В ее рядах был такой даровитый и теперь уже опытный организатор, как Швейцер; самый кадр ее состоял из людей хотя и слабых численностью, но испытанных и скрепленных между собой любовью к организации, долговременным опытом и преданностью террору, таких людей, как Дора Бриллиант, Моисеенко, Дулебов, Боришанский, Ивановская, Леонтьева, Шиллеров и др. Денег было довольно, в кандидатах в боевую организацию тоже не было недостатка, наконец, – и это самое главное, – мы были накануне нового, не менее крупного, чем дело Сергея, покушения – покушения на великого князя Владимира. Можно с уверенностью сказать, что к этому времени организация окончательно окрепла, отлилась в твердую форму самостоятельного и подчиненного своим собственным законам отдельного целого, т. е. достигла того положения, к которому, естественно, стремится каждое тайное общество и которое единственно может гарантировать ему успех. Сознание этого основного успеха не покидало нас; в это время и Швейцер, несмотря на свои неудачи, твердо верил в будущее террора.

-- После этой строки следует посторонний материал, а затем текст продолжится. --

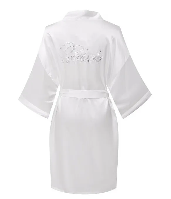 Women’s Pure Colour Short Sparkle Rhinestone Bridesmaid Kimono Robes for Wedding Party Bride Bathrobe Sleepwear 8 colors

Убедившись, что в моем присутствии в Петербурге нет необходимости, я решил поехать в Женеву, чтобы посоветоваться с Гапоном и Азефом о дальнейших боевых предприятиях. Я попросил Ивановскую съездить к Моисеенко и Бриллиант в Харьков, сообщить им о моем отъезде и предложить подождать моего возвращения. Тогда же в Петербурге я в последний раз встретился с Татьяной Леонтьевой. Белокурая, стройная, с светлыми глазами, она по внешности напоминала светскую барышню, какою она и была на самом деле. Она жаловалась мне на свое тяжелое положение: ей приходилось встречаться и быть любезной с людьми, которых она не только не уважала, но и считала своими врагами, – с важными чиновниками и гвардейскими офицерами, в том числе с знаменитым впоследствии усмирителем московского восстания, тогда еще полковником Семёновского полка, Мином. Леонтьева, однако, выдерживала свою роль, скрывая даже от родителей свои революционные симпатии. Она появлялась на вечерах, ездила на балы и вообще всем своим поведением старалась не выделяться из барышень ее круга. Она рассчитывала таким путем приобрести необходимые нам знакомства. В этой трудной роли она проявила много ума, находчивости и такта, и, слушая ее, я не раз вспоминал о ней отзыв Каляева при первом его с ней знакомстве: «Эта девушка – настоящее золото».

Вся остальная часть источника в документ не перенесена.